Instructions for the task >> Could you retype the material, starting at its first line and ending with the line holding "Nhằm chào mừng", and keep the pictures out?

The data >>
──────
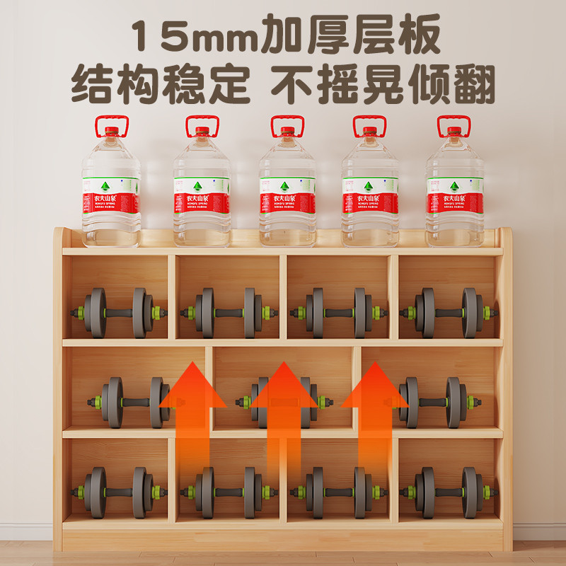 实木书架落地置物架简易家用儿童书柜一体靠墙格子柜矮柜置物柜
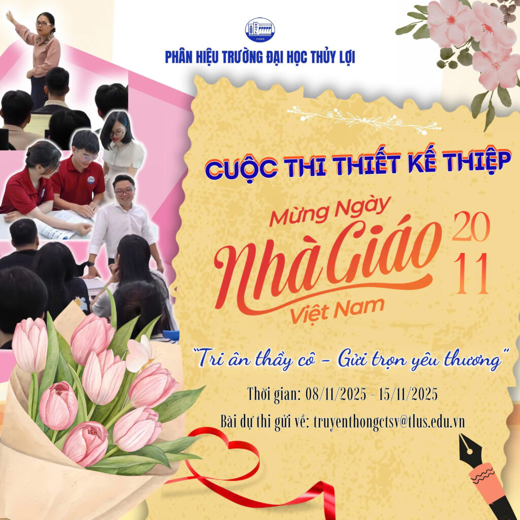 Nhằm chào mừng kỷ niệm Ngày Nhà giáo Việt Nam 20/11, tri ân công lao to lớn của đội ngũ giảng viên, cán bộ, viên chức đã và đang công tác tại Phân hiệu Trường Đại học Thủy lợi, Phòng Truyền thông và Công tác Sinh viên phát động Cuộc thi “Thiết kế thiệp chúc mừng Ngày Nhà giáo Việt Nam 20/11” với chủ đề “Tri ân thầy cô – Gửi trọn yêu thương”.
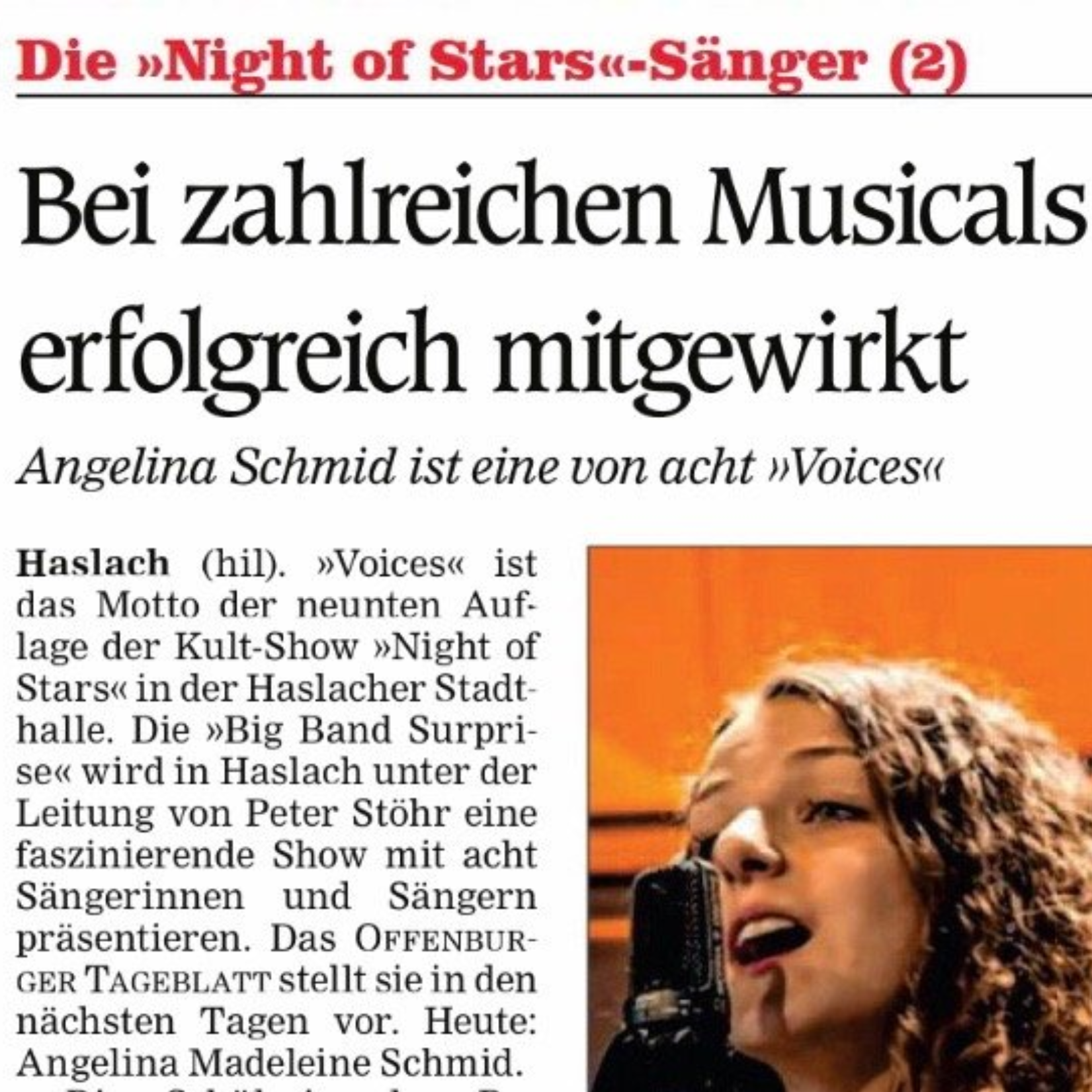 "Eine Überraschung, sowohl in musikalischer, als auch in optischer Hinsicht, war der Auftritt der jungen Sängerin Angelina Madeleine, einer Preisträgerin in „Jugend musiziert“ und Hauptrollen-Sängerin im Musical „West Side Story“. Was diese Sängerin musikalisch und nicht zuletzt mit ihrem theatralischen Auftreten bot, war allererste Sahne, zumal sie mit ihrer Stimmgewalt die Bigband glatt auf den zweiten Platz zu verweisen schien. (...)"
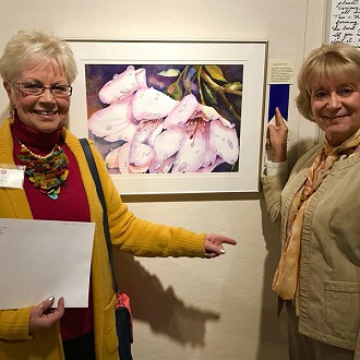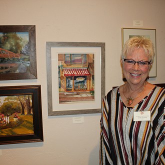 About the Artists: Evie Grasse, “As an artist, vibrant and expressive watercolor paintings of landscapes, still life and flora have become my passion. I want my brushwork to be powerful, with color that interprets God’s beautiful creations. I look for bold shapes, how the colors play against one another and how the light and dramatic shadows create the mood of the painting. I paint what inspires me and I dedicate myself to sharing my labor of love with others. I have taken many workshops throughout the Midwest and Southwest from artists whose work I admire. My ambition is to achieve the same distinguished success they have.”
──────
Expected answer >>
 实木书架落地置物架简易家用儿童书柜一体靠墙格子柜矮柜置物柜
 Nhằm chào mừng kỷ niệm Ngày Nhà giáo Việt Nam 20/11, tri ân công lao to lớn của đội ngũ giảng viên, cán bộ, viên chức đã và đang công tác tại Phân hiệu Trường Đại học Thủy lợi, Phòng Truyền thông và Công tác Sinh viên phát động Cuộc thi “Thiết kế thiệp chúc mừng Ngày Nhà giáo Việt Nam 20/11” với chủ đề “Tri ân thầy cô – Gửi trọn yêu thương”.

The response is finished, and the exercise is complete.